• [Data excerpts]
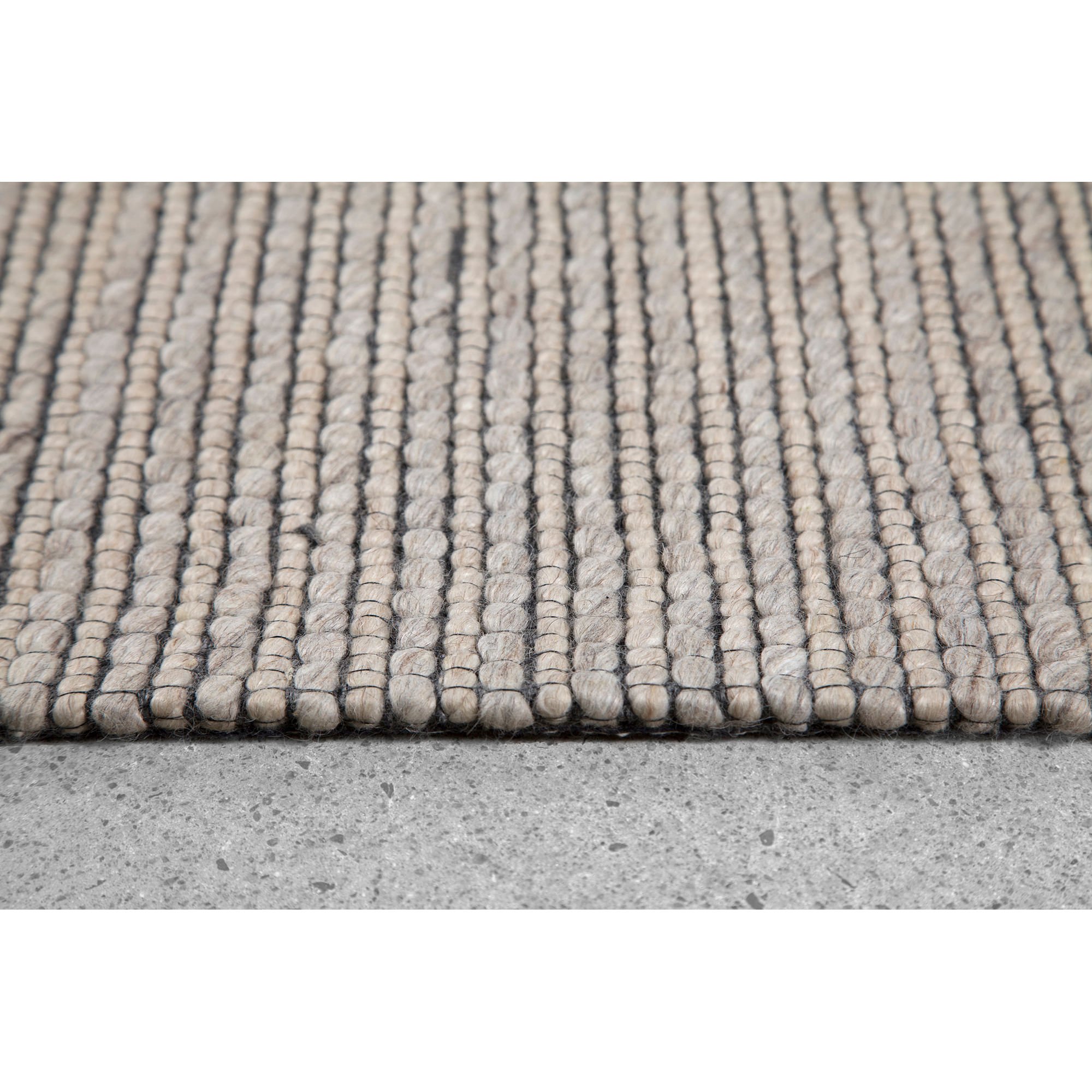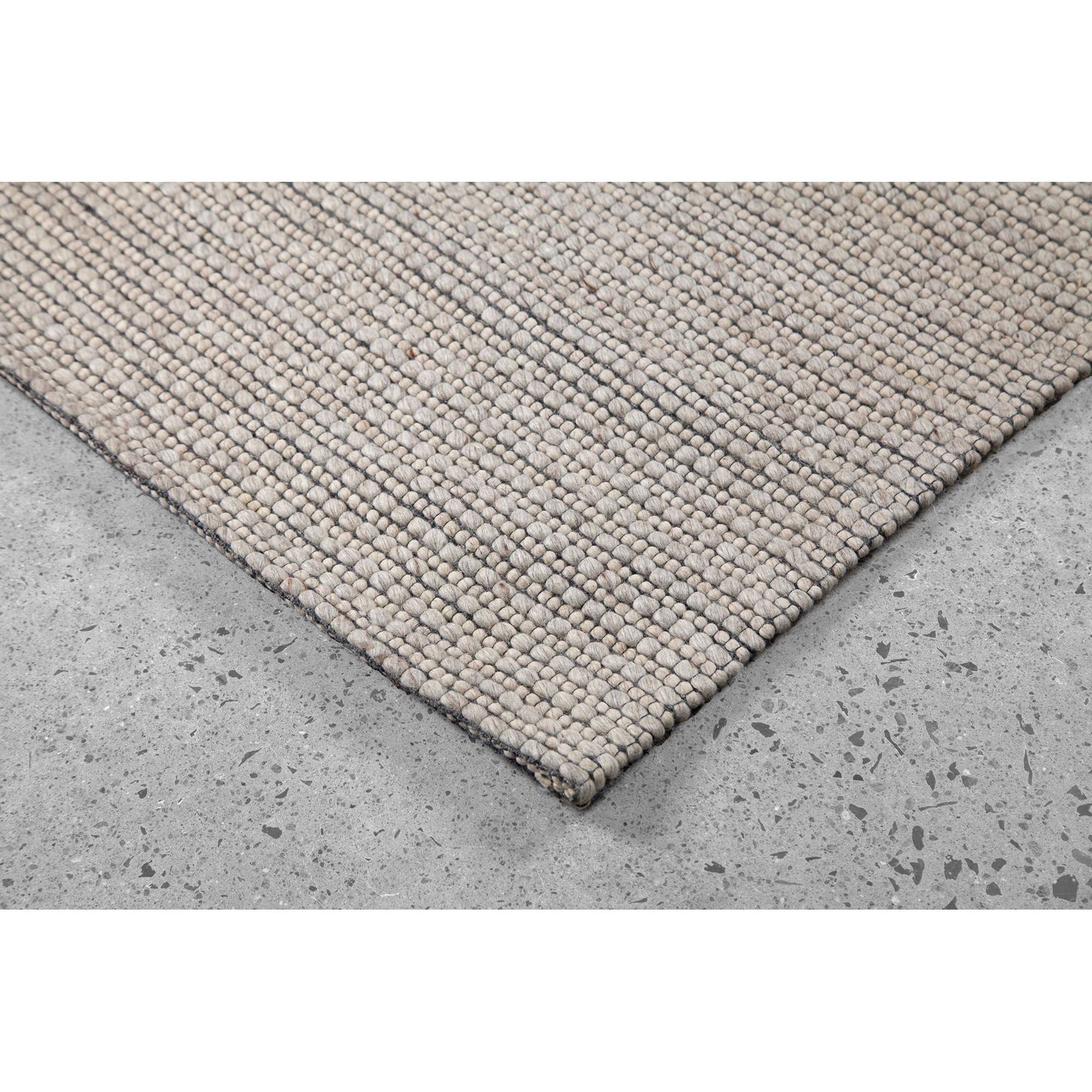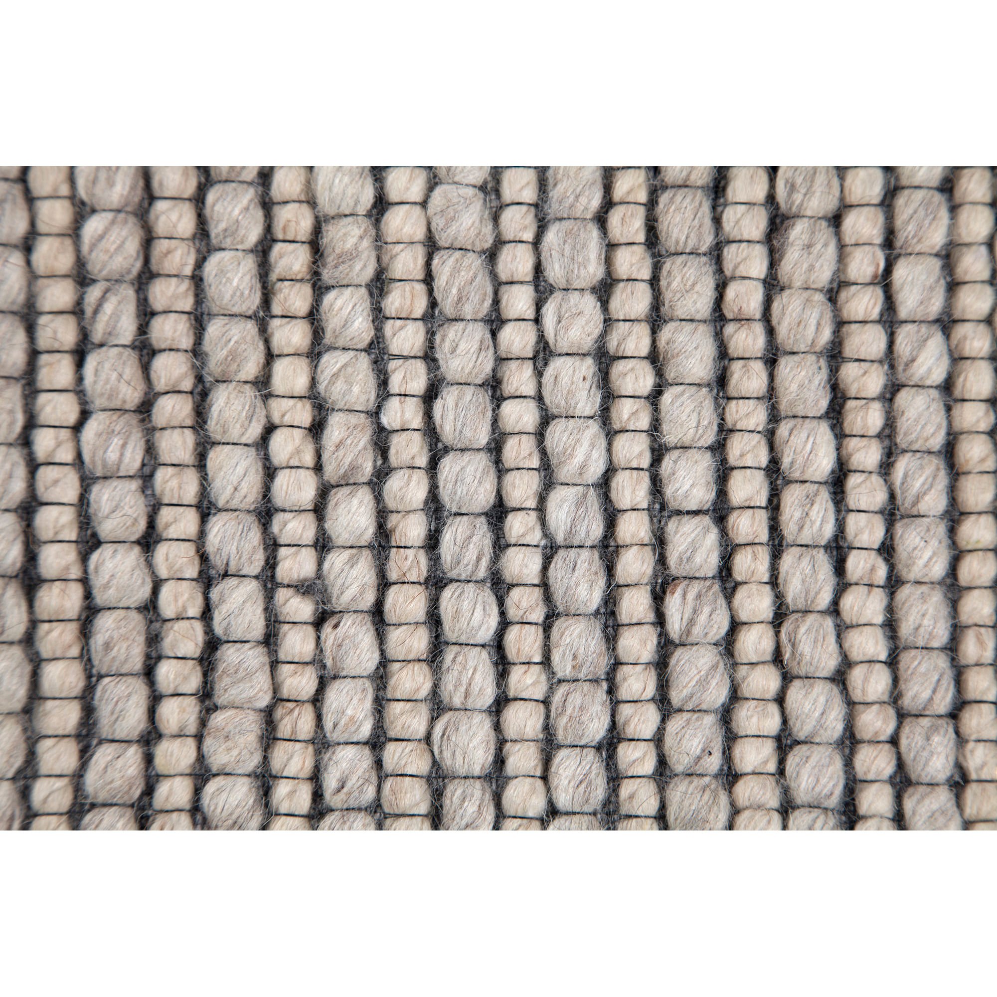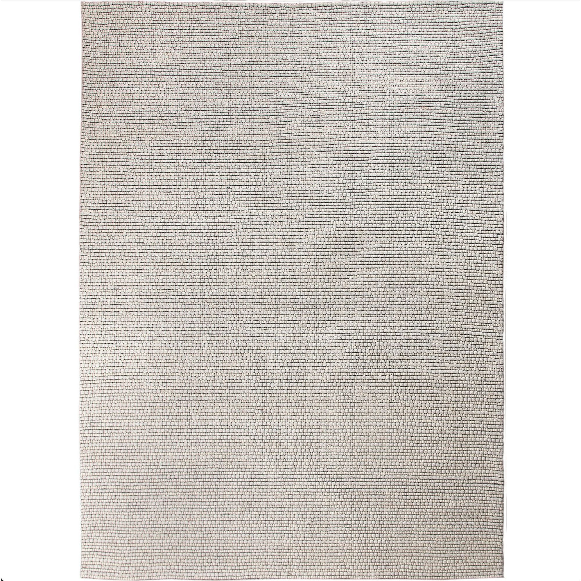 With a solid pattern that’s right in every room, this eclectic area rug offers versatile style that suits classic and contemporary floors. The timeless beauty of this decorative floorcovering is evident in the combination of natural wool and soft viscose fibers, hand-woven with craftsmanship inherited from generations of artisanal rug weavers. The rug’s neutral cream and light grey color palette layers effortlessly beneath couches, coffee tables and beds.
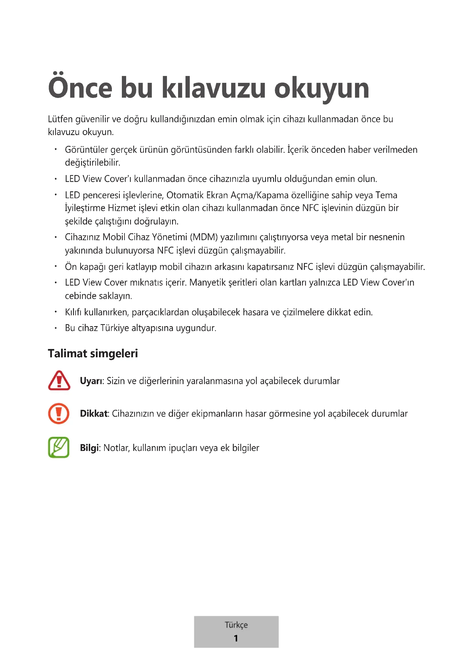 LED penceresi işlevlerine, Otomatik Ekran Açma/Kapama özelliğine sahip veya Tema İyileştirme Hizmet işlevi etkin olan cihazı kullanmadan önce NFC işlevinin düzgün bir şekilde çalıştığını doğrulayın.
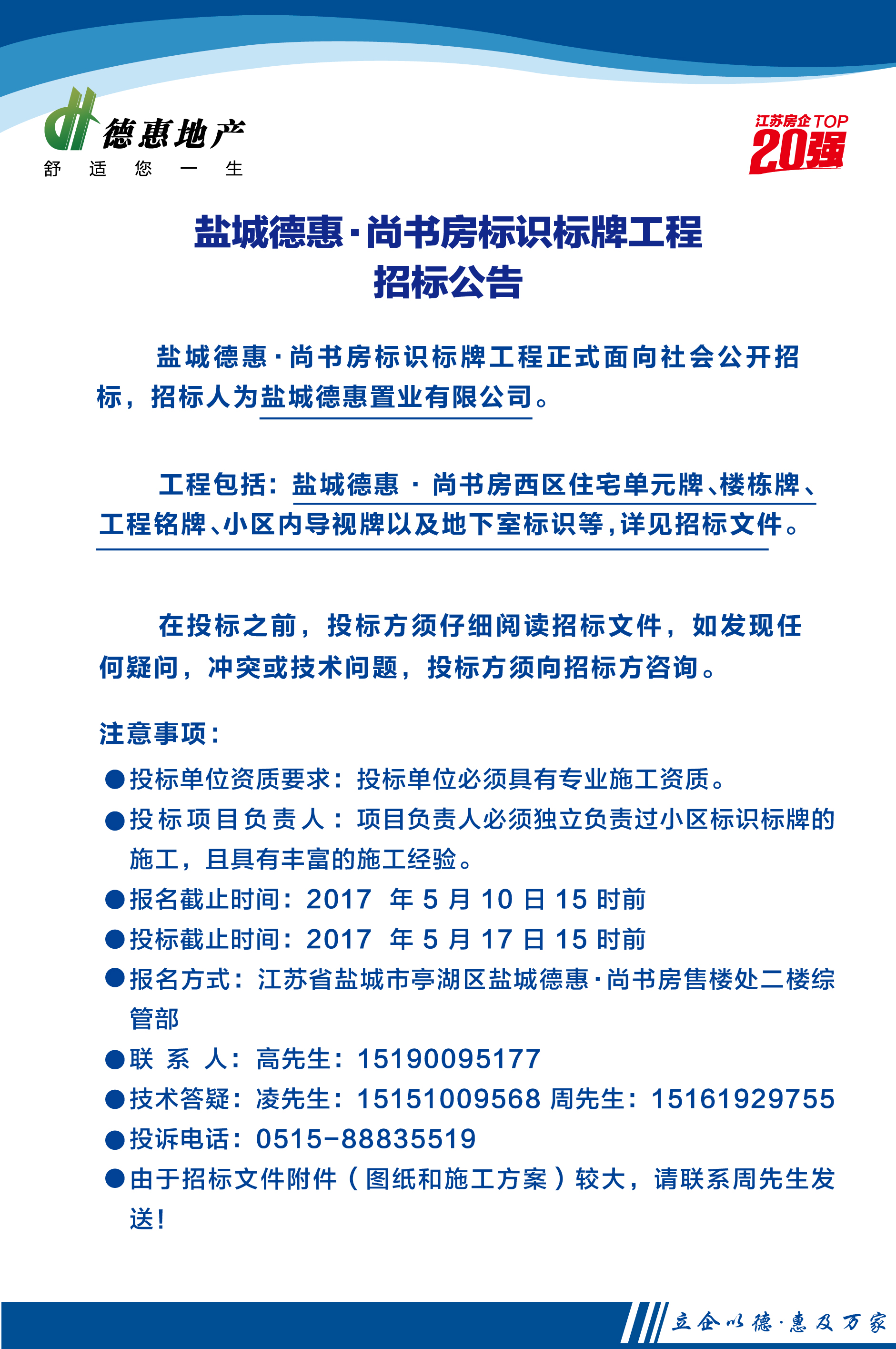 盐城德惠·尚书房标识标牌工程招标公告
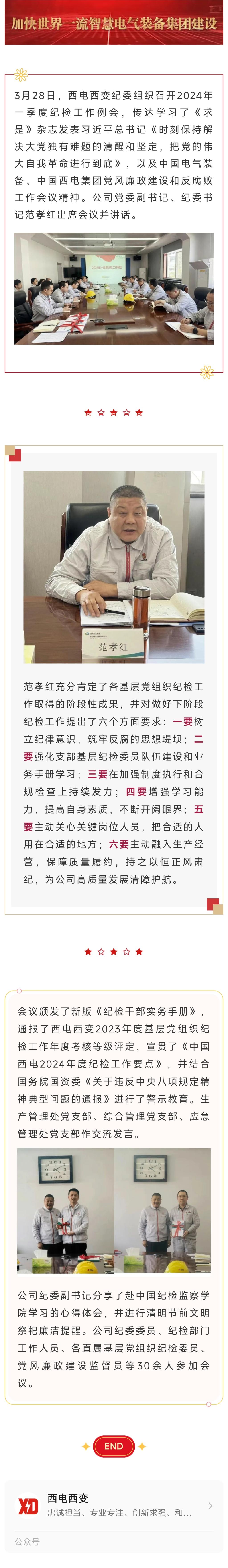 清風(fēng)護航丨西電西變紀(jì)委組織召開2024年一季度紀(jì)檢工作例會
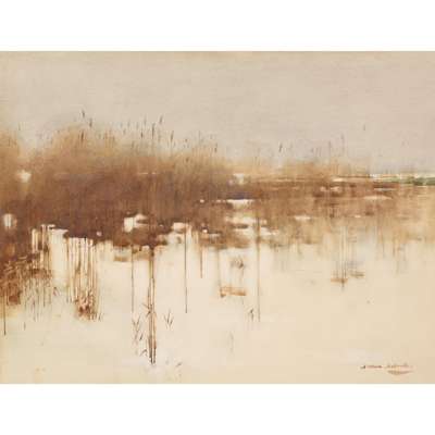 Note: Duddingston Loch was a constant source of inspiration for Melville, and as Kenneth McConkey points out in his 2015 National Galleries of Scotland exhibition catalogue, Melville's obituary in the Haddington Advertiser recorded that as a student at the R.S.A. Schools 'the reeds at Duddingston were a favourite sketching ground of his, and to gratify this taste he had to get up at five o'clock in the morning, so much work did he do during the day.'
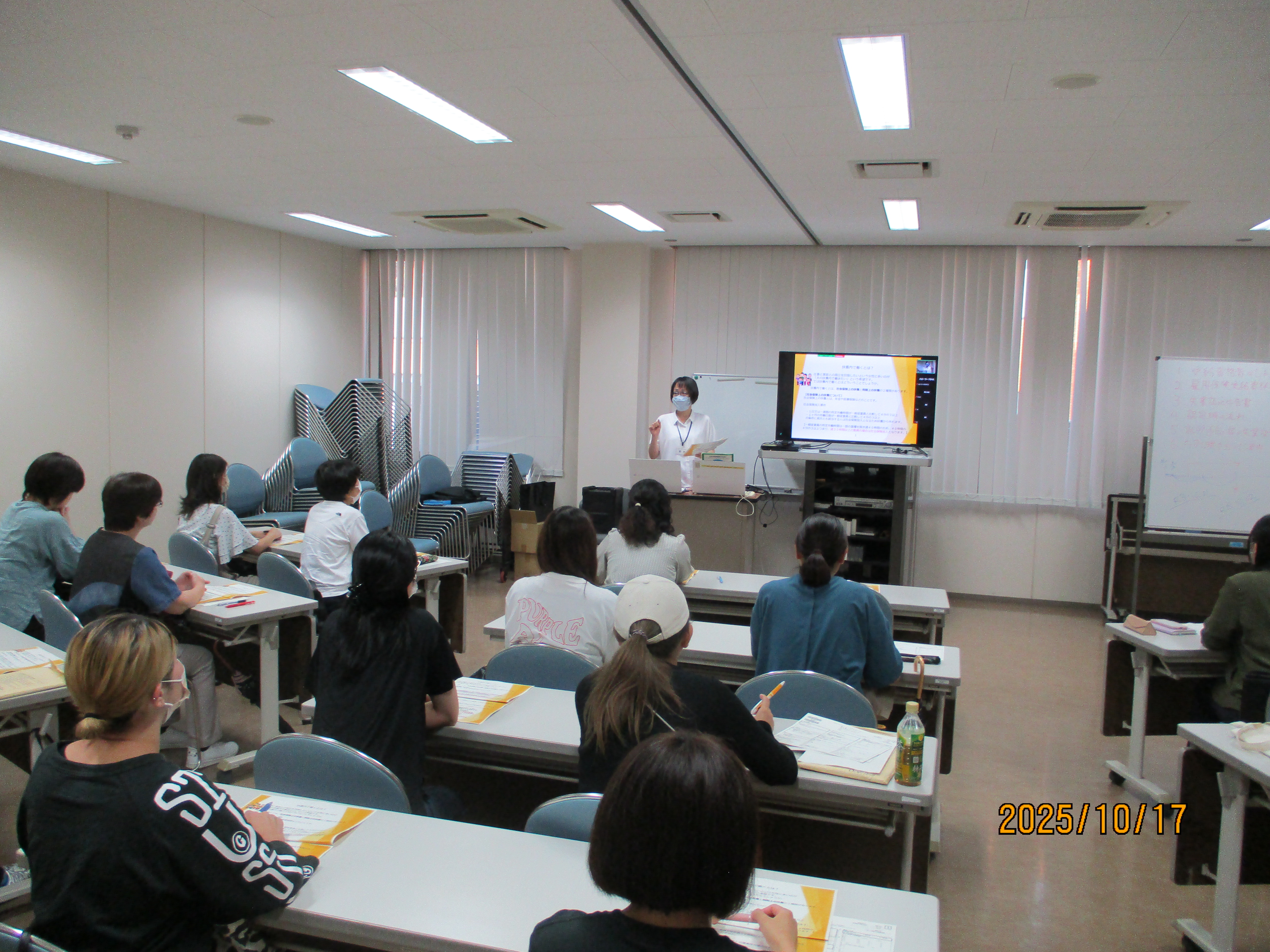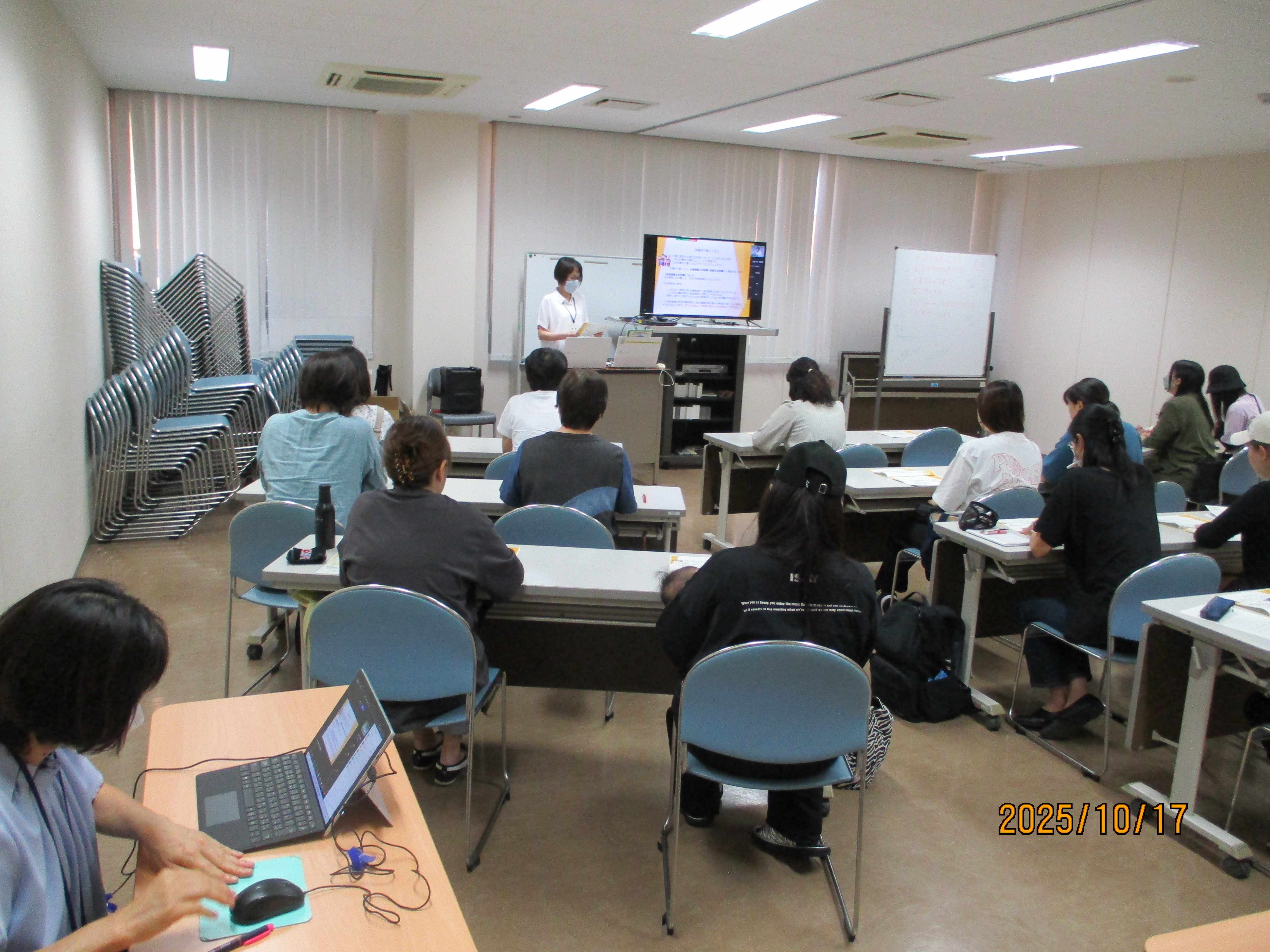 小さな子供がいて会場での受講が困難な方のため、会場だけなくオンライン(Zoom使用)でも受講可能なハイブリット形式で実施いたしました。会場での参加者19名、オンライン参加者6名と盛況でした。

• [WORK TO BE COMPLETED] Reproduce the records above exactly, but only from the line containing "清風(fēng)護航丨西電西" through the last line, both included, and without any pictures.

• [EXERCISE RESULT]
 清風(fēng)護航丨西電西變紀(jì)委組織召開2024年一季度紀(jì)檢工作例會
 Note: Duddingston Loch was a constant source of inspiration for Melville, and as Kenneth McConkey points out in his 2015 National Galleries of Scotland exhibition catalogue, Melville's obituary in the Haddington Advertiser recorded that as a student at the R.S.A. Schools 'the reeds at Duddingston were a favourite sketching ground of his, and to gratify this taste he had to get up at five o'clock in the morning, so much work did he do during the day.'
 小さな子供がいて会場での受講が困難な方のため、会場だけなくオンライン(Zoom使用)でも受講可能なハイブリット形式で実施いたしました。会場での参加者19名、オンライン参加者6名と盛況でした。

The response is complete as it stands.